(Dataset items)
┄┄┄┄┄┄

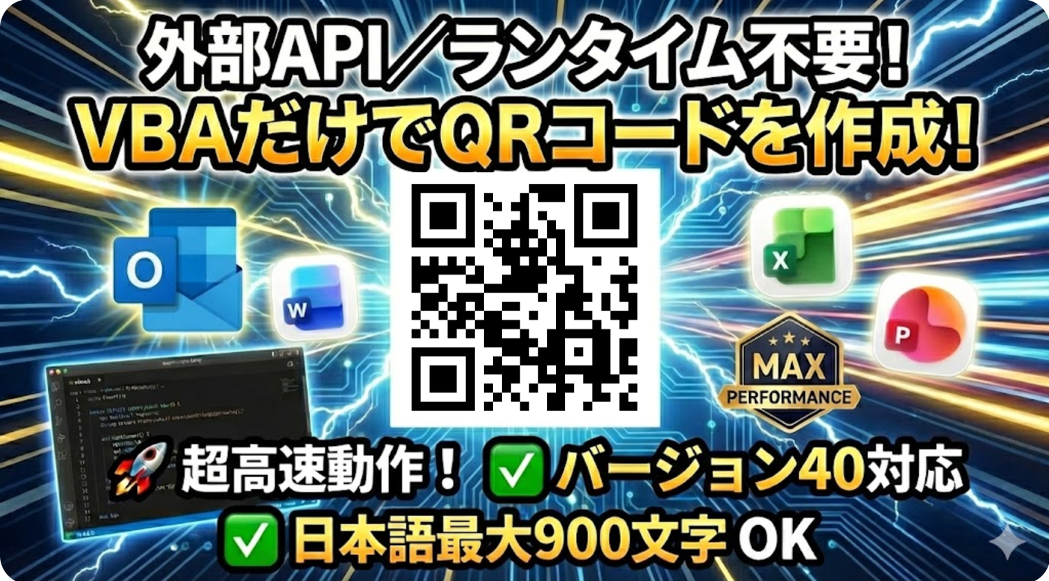 ここに至るまでは長い紆余曲折がありました。書いては実行、書いては実行、正常なQRが作成されない日々、いったいどこが悪いのか、核となる生成多項式が誤っているのか、はたまた画像作成GDI+でこけているのか、いやいやそもそもQRの仕様理解が足りていないのか、ChatGPTに聞いても一向に解決する兆しなし・・・2年に及ぶプログラミングバトルの結果、ついに完成したoutlookVBA(というか全Office共通VBA)コード、公開します!
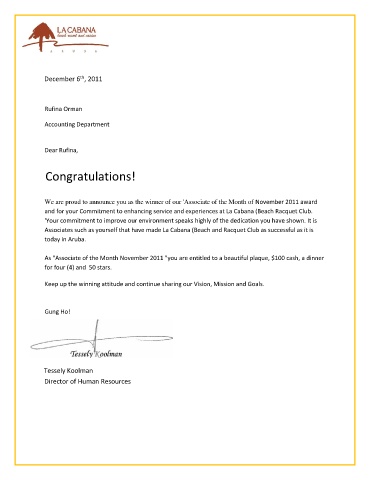 Associates such as yourself that have made La Cabana (Beach and Racquet Club as successful as it is
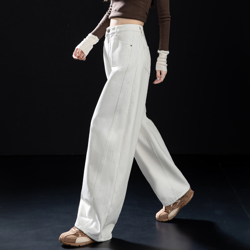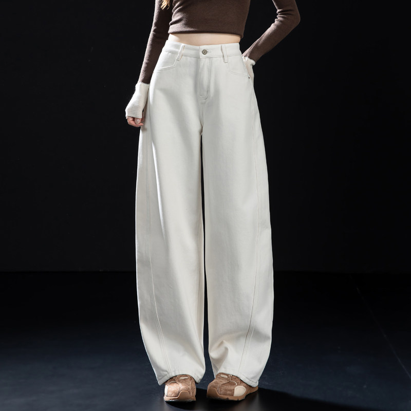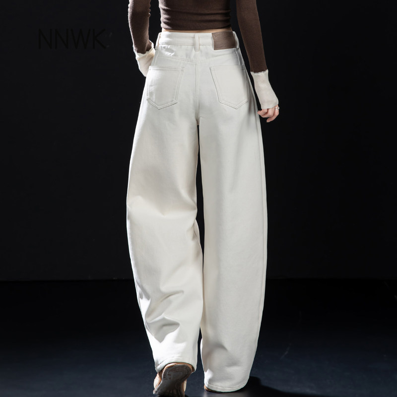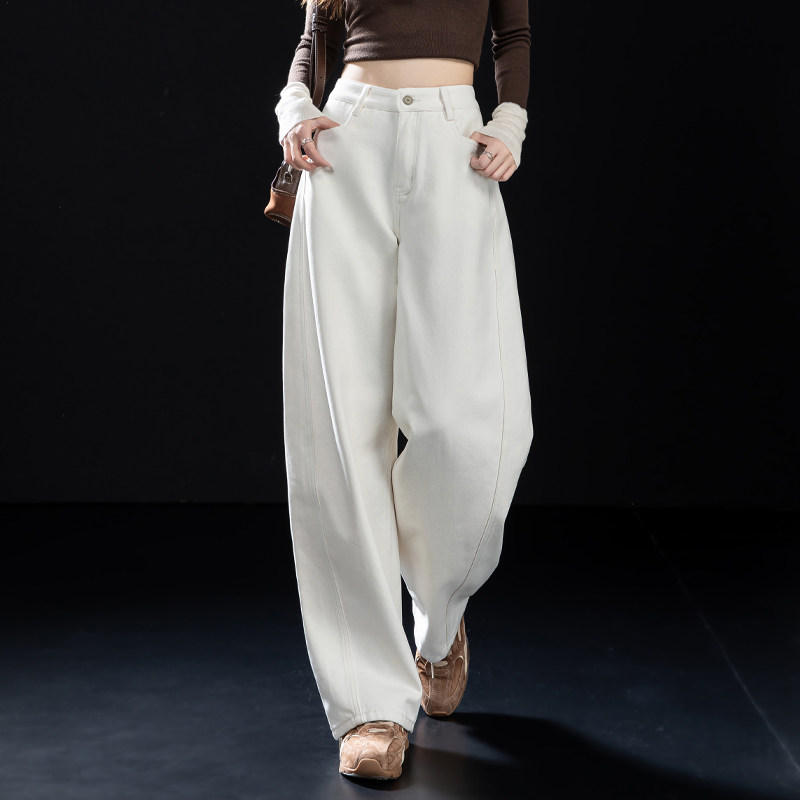 白色加绒牛仔裤女宽松镰刀哈伦裤
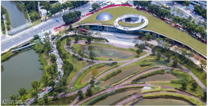 景观湖、亭台楼阁、缓跑道,地面上是漂亮的湿地公园,地下10多米处却大有乾坤, 污水生化处理池、污泥区等有序排列。
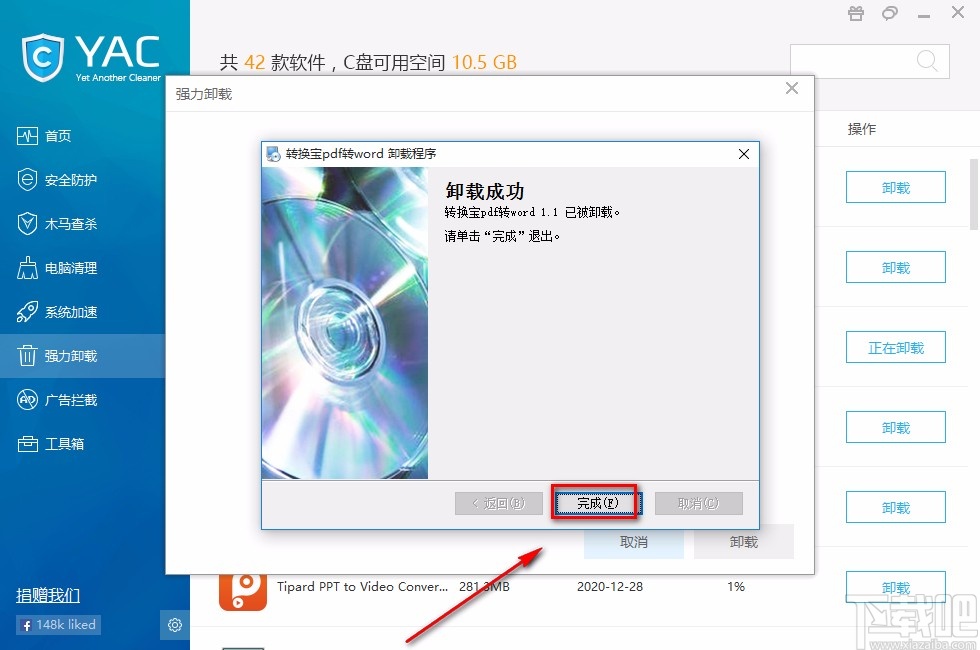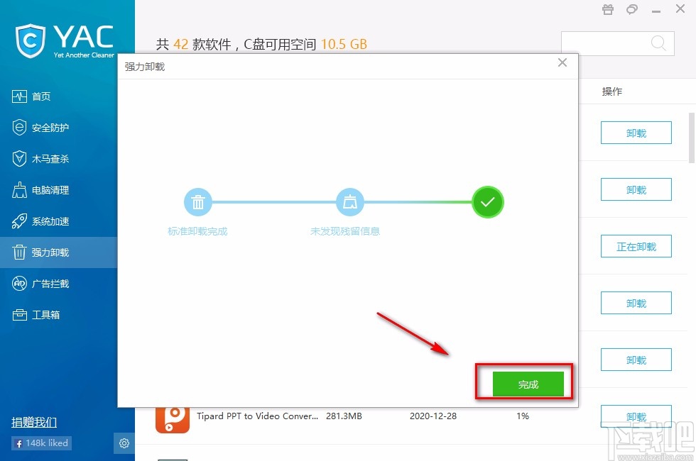 6.完成以上所有步骤后,我们还能在界面上查看到一个强力卸载窗口,我们直接点击窗口右下角的“完成”按钮就可以了。
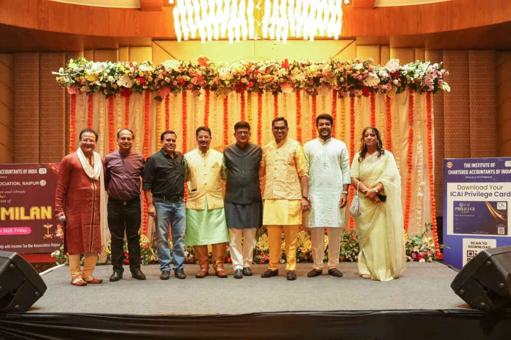 रायपुर। भारतीय चार्टर्ड अकाउंटेंट्स संस्थान (ICAI), रायपुर शाखा (CIRC) एवं आयकर बार एसोसिएशन, रायपुर के संयुक्त तत्वावधान में भव्य दीपावली मिलन समारोह का आयोजन किया गया, जिसमें दोनों संस्थाओं के सदस्य एवं उनके परिवारजन उत्साहपूर्वक सम्मिलित हुए। यह आयोजन उल्लास, आनंद एवं आत्मीयता से परिपूर्ण रहा।
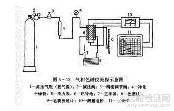 載氣由高壓氣瓶1(或其他氣源)經(jīng)減壓閥2減壓供給,精密調(diào)節(jié)閥3控制載氣的壓力和流量,再通過凈化干燥管4凈化脫水之后,進入熱導(dǎo)池6的參比池,隨后通過進樣器7到色譜柱8,最后從熱導(dǎo)池的測量池放空。
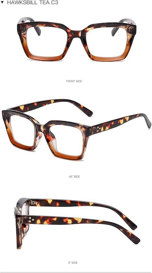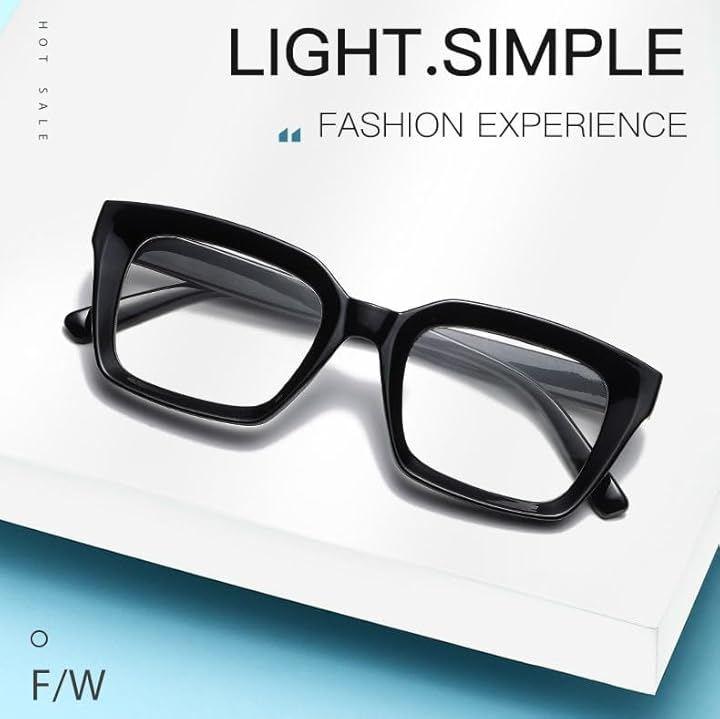 デザイン性: 太縁のスクエアフレームが特徴的なオーバーサイズメガネ。
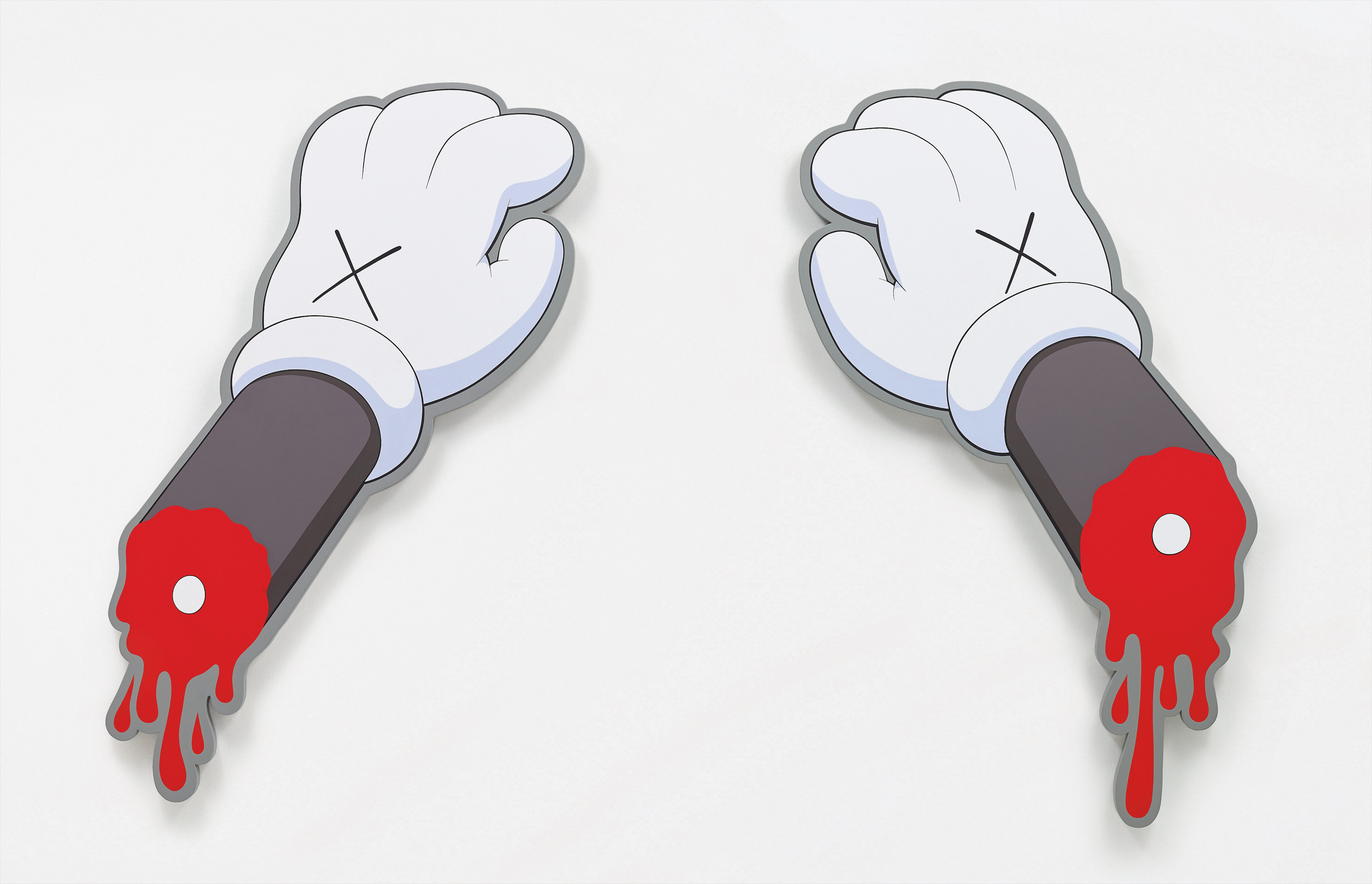 Brooklyn-based artist KAWS re-appropriates bits of popular culture and transforms them into eye catching iconic paintings. His cartoon-like characters, recognizable to the media savvy public, undergo a sardonic set of alterations. The present lot depicts the popular children’s cartoon character, SpongeBob SquarePants. KAWS explains, “I started doing SpongeBob paintings for Pharrell. Then I started doing smaller paintings, which got much more abstract. And SpongeBob was something I wanted to do because graphically I love the shapes.” (KAWS in conversation with Toby Maguire,
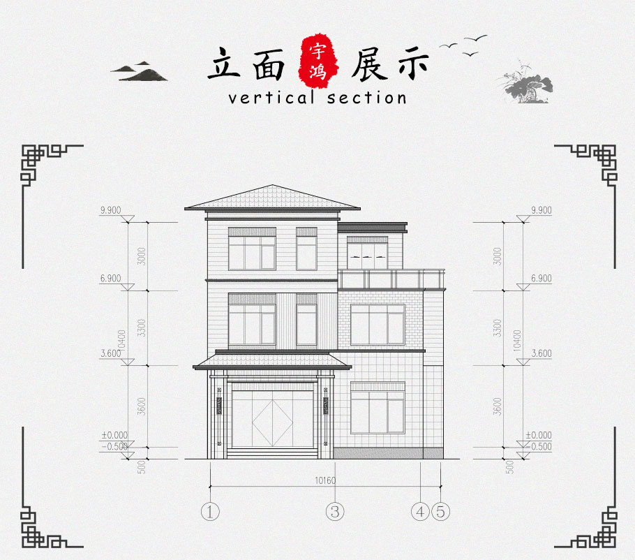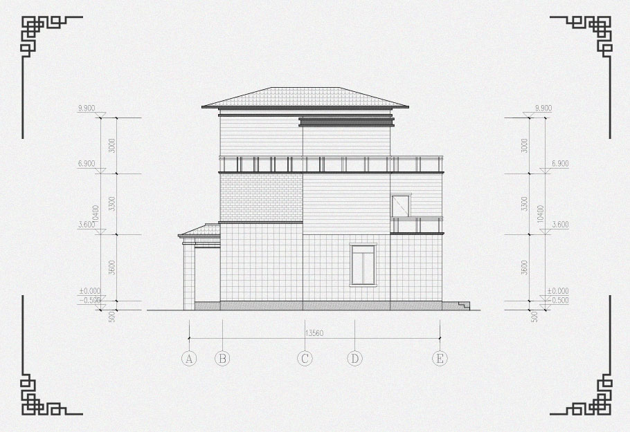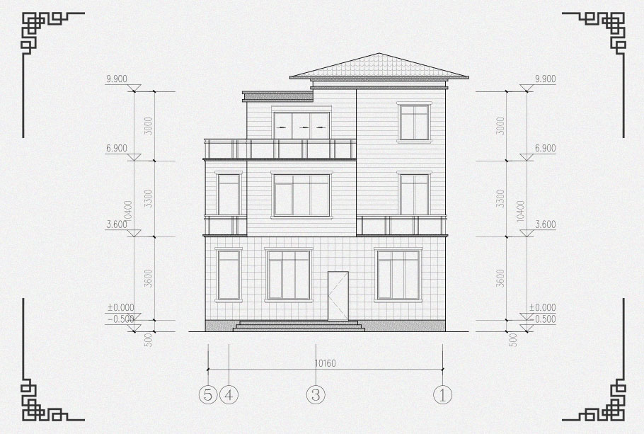 建筑立面圖:東立面圖,西立面圖,南立面圖,北立面圖,剖面圖;

┄┄┄┄┄┄

In the records above, find the line with "Associates such as" and the line with "रायपुर। भारतीय चार्टर्ड"; please transcribe exactly those two lines and all lines between them, omitting any picture.

RESPONSE BOX
 Associates such as yourself that have made La Cabana (Beach and Racquet Club as successful as it is
 白色加绒牛仔裤女宽松镰刀哈伦裤
 景观湖、亭台楼阁、缓跑道,地面上是漂亮的湿地公园,地下10多米处却大有乾坤, 污水生化处理池、污泥区等有序排列。
 6.完成以上所有步骤后,我们还能在界面上查看到一个强力卸载窗口,我们直接点击窗口右下角的“完成”按钮就可以了。
 रायपुर। भारतीय चार्टर्ड अकाउंटेंट्स संस्थान (ICAI), रायपुर शाखा (CIRC) एवं आयकर बार एसोसिएशन, रायपुर के संयुक्त तत्वावधान में भव्य दीपावली मिलन समारोह का आयोजन किया गया, जिसमें दोनों संस्थाओं के सदस्य एवं उनके परिवारजन उत्साहपूर्वक सम्मिलित हुए। यह आयोजन उल्लास, आनंद एवं आत्मीयता से परिपूर्ण रहा।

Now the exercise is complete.